The problem: When the string "avant" appears in a line of the records, show the whole line.

Dataset extract:
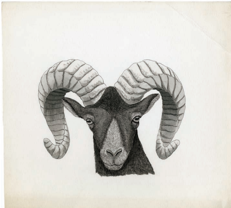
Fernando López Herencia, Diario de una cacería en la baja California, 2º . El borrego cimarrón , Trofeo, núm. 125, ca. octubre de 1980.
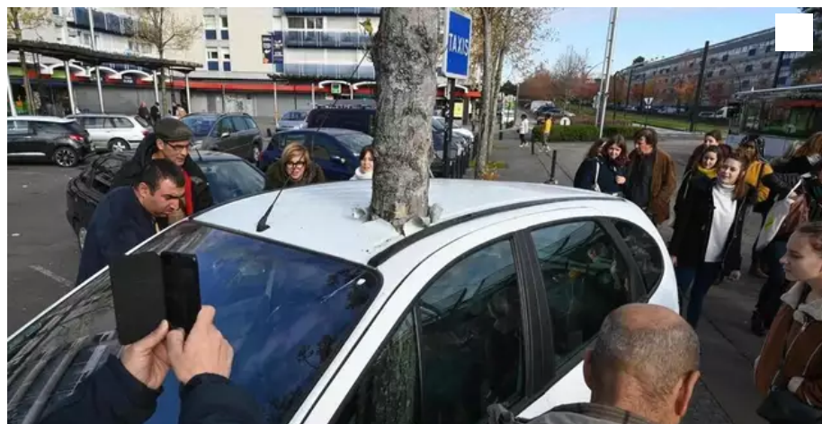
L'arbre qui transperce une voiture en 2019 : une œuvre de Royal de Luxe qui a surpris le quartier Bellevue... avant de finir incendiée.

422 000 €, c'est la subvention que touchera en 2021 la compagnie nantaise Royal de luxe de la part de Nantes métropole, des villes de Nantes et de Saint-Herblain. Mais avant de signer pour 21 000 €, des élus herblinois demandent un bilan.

==

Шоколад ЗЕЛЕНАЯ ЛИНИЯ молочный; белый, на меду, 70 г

Solution for this task:
L'arbre qui transperce une voiture en 2019 : une œuvre de Royal de Luxe qui a surpris le quartier Bellevue... avant de finir incendiée.
422 000 €, c'est la subvention que touchera en 2021 la compagnie nantaise Royal de luxe de la part de Nantes métropole, des villes de Nantes et de Saint-Herblain. Mais avant de signer pour 21 000 €, des élus herblinois demandent un bilan.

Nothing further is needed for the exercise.